"I cannot accept your canon that we are to judge Pope and King unlike other men, with a favourable presumption that they did no wrong. If there is any presumption it is the other way against holders of power, increasing as the power increases. Historic responsibility has to make up for the want of legal responsibility. Power tends to corrupt and absolute power corrupts absolutely. [...] There is no worse heresy than that the office sanctifies the holder of it."
Lord Acton, to Bishop Holden
So Lord Acton’s famous dictum:
“Power tends to corrupt, and absolute power corrupts absolutely.” is a powerful quote but it's being misapplied in the context of tabletop RPGs and the role of the referee.
Authority can be abused. But we are discussing a form of small group interactions, the authority of a referee isn’t absolute, it’s contingent, provisional, and held in trust. It isn’t about power but about responsibility.
There are better frameworks than assuming suspicion as the default:
From J.R.R. Tolkien (a man who knew a thing or two about power and myth) wrote:
“The most improper job of any man, even saints... is bossing other men. Not one in a million is fit for it... But someone has to do it.”

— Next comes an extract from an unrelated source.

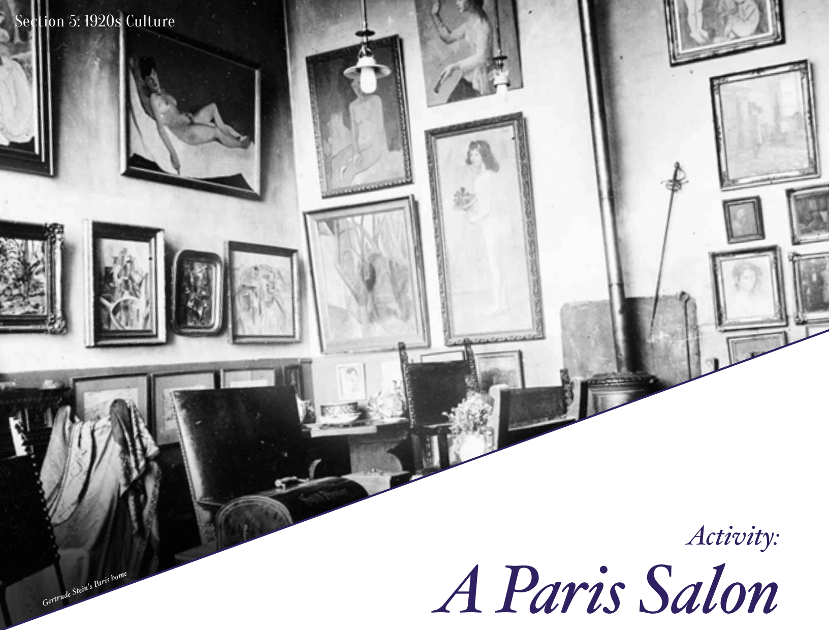
Gertrude Stein's Paris home

Letter to Christopher Tolkien, 1943
Tolkien understood that leadership is dangerous but necessary. The point isn’t to strip the referee of structure but to expect them to approach it with humility.
Elinor Ostrom, Nobel laureate for her work on self-governing systems, reminds us:
“There is no reason to believe that bureaucrats and politicians... are better at solving problems than the people on the spot.”
Source
RPG tables are not monarchies. They’re peer-driven communities. Authority is earned through behavior, not fiat.
And finally, Hannah Arendt put it plainly:
“The most radical revolutionary will become a conservative the day after the revolution.”
Source
It’s easy to rail against authority until you’re the one responsible for the adjudication, maintaining consistency, and steering the game. Good referees know this isn’t power to wield, but a role to fill and held in trust.
Authority isn’t the enemy. Abuse of authority is. The answer isn’t to reject the referee’s role; it’s to foster accountability, humility, and group cohesion. What needed is cooperation, structure, and people who act in good faith.
Referees are not tyrants-in-waiting. They are folks getting together with their friends to have fun in the time they have for a hobby.